*What to do:* All that is wanted is the exact text of the lines below from the one with "近日,​EMC易倍在腾讯会议" through the one with "The Arc S is", inclusive, minus any pictures.

*Extracted entries:*

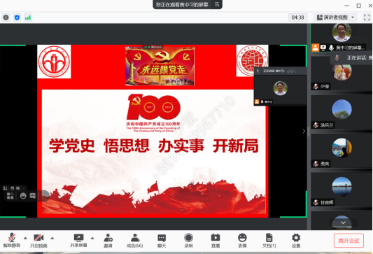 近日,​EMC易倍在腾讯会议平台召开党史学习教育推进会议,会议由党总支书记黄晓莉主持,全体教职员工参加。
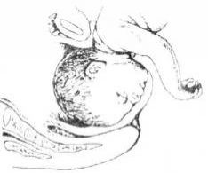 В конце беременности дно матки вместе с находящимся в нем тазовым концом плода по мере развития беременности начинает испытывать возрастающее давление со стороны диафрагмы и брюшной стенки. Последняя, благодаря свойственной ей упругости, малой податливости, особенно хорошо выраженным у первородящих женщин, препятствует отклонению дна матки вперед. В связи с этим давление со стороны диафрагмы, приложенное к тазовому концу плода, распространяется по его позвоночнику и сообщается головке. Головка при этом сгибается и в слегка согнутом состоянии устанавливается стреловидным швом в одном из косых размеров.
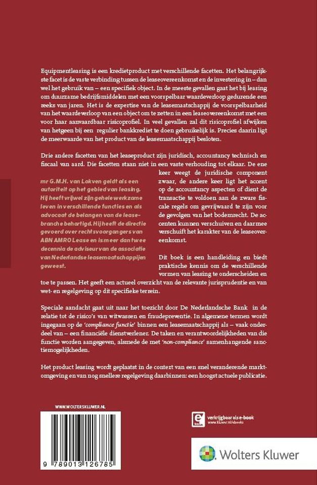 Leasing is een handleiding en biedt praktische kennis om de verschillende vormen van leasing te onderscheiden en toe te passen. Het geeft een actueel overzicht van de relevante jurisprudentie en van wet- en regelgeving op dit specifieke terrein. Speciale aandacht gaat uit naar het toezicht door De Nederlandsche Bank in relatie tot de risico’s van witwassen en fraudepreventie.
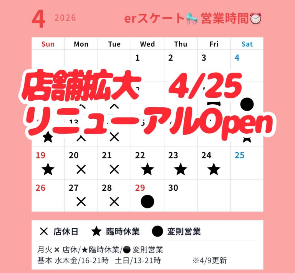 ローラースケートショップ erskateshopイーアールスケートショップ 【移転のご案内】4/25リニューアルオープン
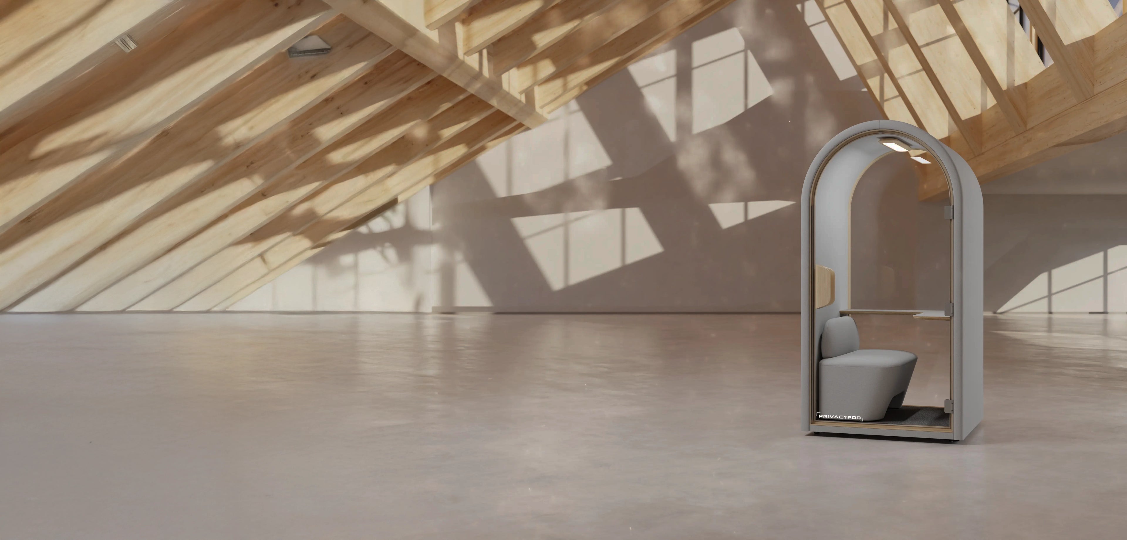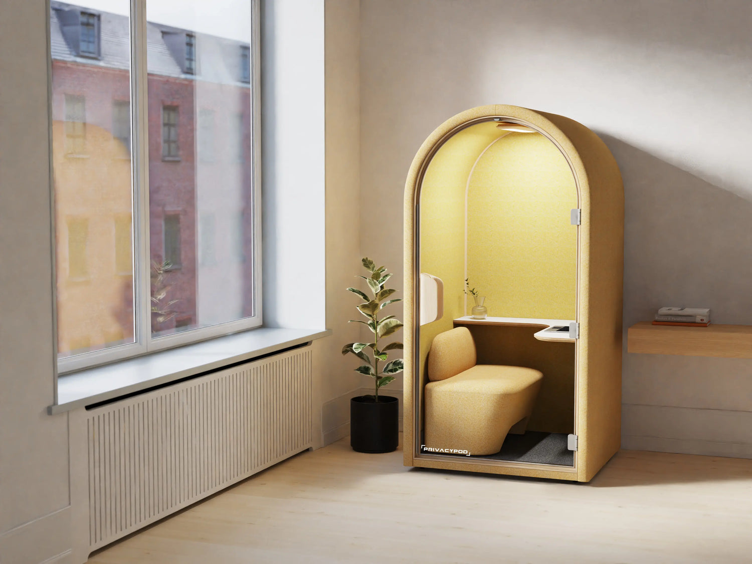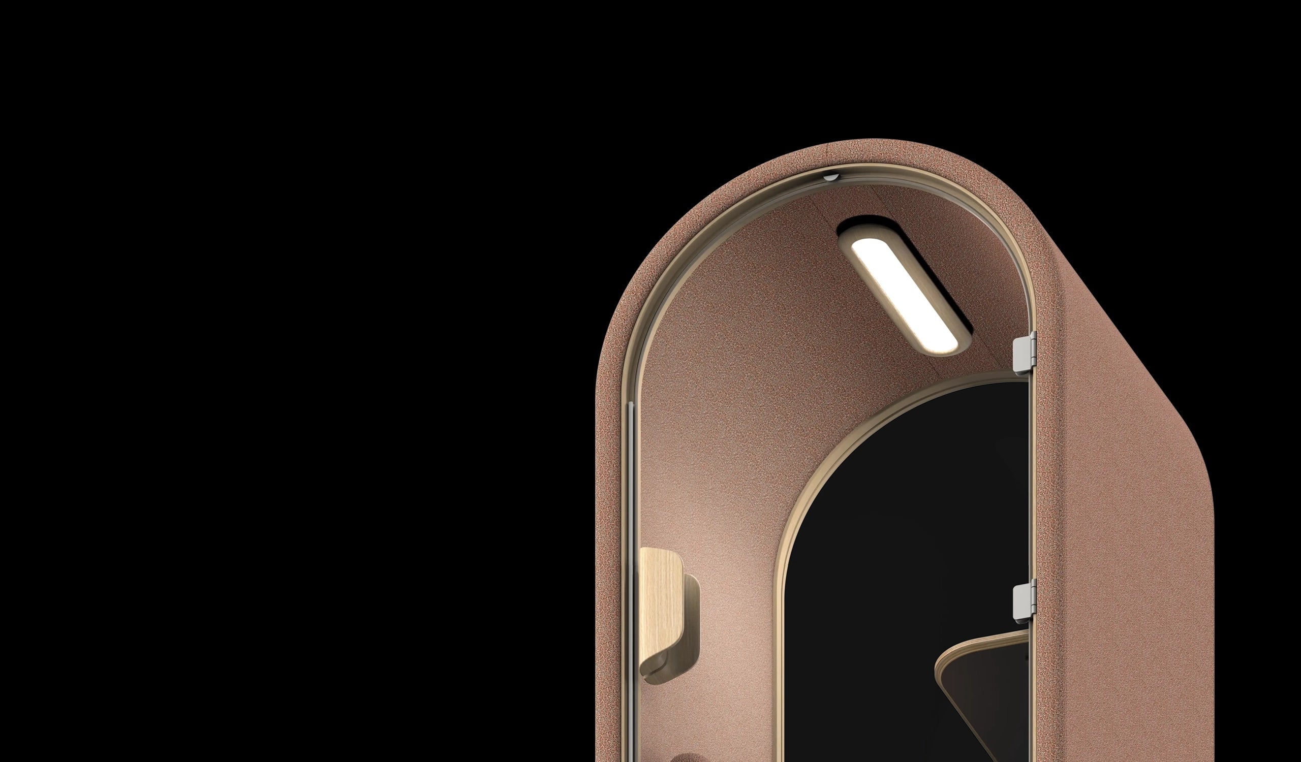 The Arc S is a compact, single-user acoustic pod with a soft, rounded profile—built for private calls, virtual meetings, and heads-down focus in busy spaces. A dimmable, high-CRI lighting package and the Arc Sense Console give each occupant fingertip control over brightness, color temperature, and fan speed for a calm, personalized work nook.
==
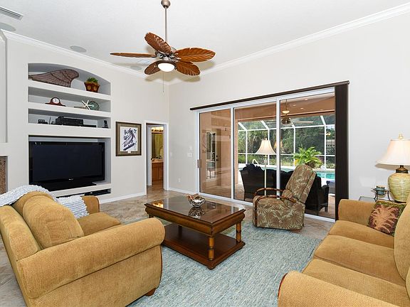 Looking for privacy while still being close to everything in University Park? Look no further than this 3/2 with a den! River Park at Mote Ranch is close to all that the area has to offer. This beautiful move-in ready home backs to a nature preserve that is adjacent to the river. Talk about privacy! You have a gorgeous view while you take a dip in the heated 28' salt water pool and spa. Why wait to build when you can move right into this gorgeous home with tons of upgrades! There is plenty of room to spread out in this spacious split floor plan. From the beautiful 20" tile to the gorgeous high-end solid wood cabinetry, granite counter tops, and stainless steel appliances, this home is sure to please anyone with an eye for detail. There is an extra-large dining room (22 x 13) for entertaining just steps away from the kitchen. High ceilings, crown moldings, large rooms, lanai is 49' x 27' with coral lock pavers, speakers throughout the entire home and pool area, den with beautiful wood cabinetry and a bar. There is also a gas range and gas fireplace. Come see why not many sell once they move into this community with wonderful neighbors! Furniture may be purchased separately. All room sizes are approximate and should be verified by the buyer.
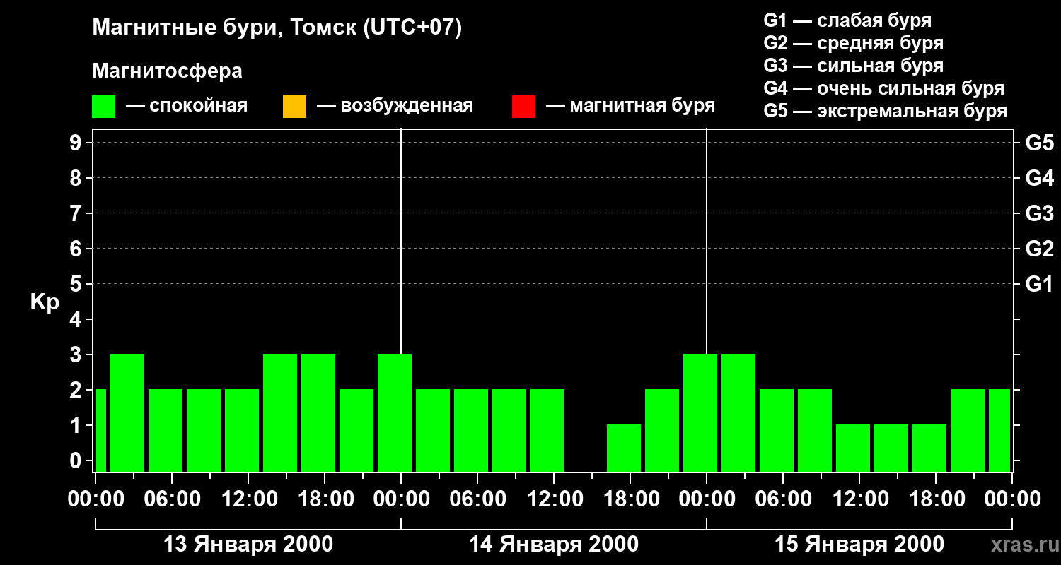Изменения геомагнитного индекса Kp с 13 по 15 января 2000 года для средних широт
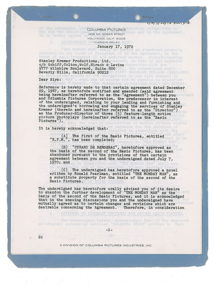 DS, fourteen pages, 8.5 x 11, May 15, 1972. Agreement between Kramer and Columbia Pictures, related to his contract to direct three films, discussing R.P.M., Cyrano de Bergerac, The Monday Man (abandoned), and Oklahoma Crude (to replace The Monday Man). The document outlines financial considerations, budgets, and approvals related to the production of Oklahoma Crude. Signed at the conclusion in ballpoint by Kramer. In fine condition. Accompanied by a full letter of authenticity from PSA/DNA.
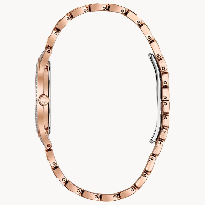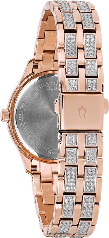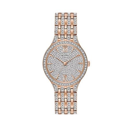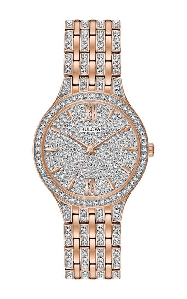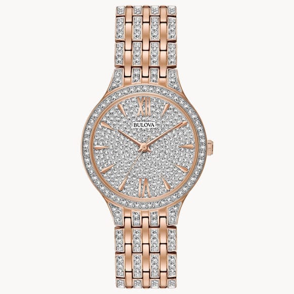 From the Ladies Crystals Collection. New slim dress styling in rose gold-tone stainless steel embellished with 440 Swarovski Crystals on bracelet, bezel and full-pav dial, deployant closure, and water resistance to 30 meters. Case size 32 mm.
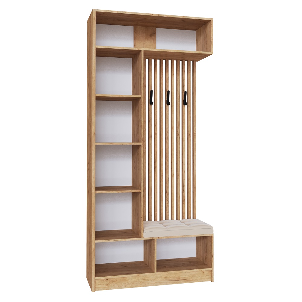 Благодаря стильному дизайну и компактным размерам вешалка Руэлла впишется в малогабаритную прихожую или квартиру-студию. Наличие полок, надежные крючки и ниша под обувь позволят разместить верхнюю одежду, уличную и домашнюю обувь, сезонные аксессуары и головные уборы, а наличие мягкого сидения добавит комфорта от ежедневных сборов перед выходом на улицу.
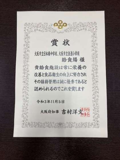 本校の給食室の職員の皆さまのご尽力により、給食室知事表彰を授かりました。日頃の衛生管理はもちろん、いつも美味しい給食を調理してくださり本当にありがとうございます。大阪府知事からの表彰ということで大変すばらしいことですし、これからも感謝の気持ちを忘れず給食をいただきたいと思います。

*Written answer:*
 近日,​EMC易倍在腾讯会议平台召开党史学习教育推进会议,会议由党总支书记黄晓莉主持,全体教职员工参加。
 В конце беременности дно матки вместе с находящимся в нем тазовым концом плода по мере развития беременности начинает испытывать возрастающее давление со стороны диафрагмы и брюшной стенки. Последняя, благодаря свойственной ей упругости, малой податливости, особенно хорошо выраженным у первородящих женщин, препятствует отклонению дна матки вперед. В связи с этим давление со стороны диафрагмы, приложенное к тазовому концу плода, распространяется по его позвоночнику и сообщается головке. Головка при этом сгибается и в слегка согнутом состоянии устанавливается стреловидным швом в одном из косых размеров.
 Leasing is een handleiding en biedt praktische kennis om de verschillende vormen van leasing te onderscheiden en toe te passen. Het geeft een actueel overzicht van de relevante jurisprudentie en van wet- en regelgeving op dit specifieke terrein. Speciale aandacht gaat uit naar het toezicht door De Nederlandsche Bank in relatie tot de risico’s van witwassen en fraudepreventie.
 ローラースケートショップ erskateshopイーアールスケートショップ 【移転のご案内】4/25リニューアルオープン
 The Arc S is a compact, single-user acoustic pod with a soft, rounded profile—built for private calls, virtual meetings, and heads-down focus in busy spaces. A dimmable, high-CRI lighting package and the Arc Sense Console give each occupant fingertip control over brightness, color temperature, and fan speed for a calm, personalized work nook.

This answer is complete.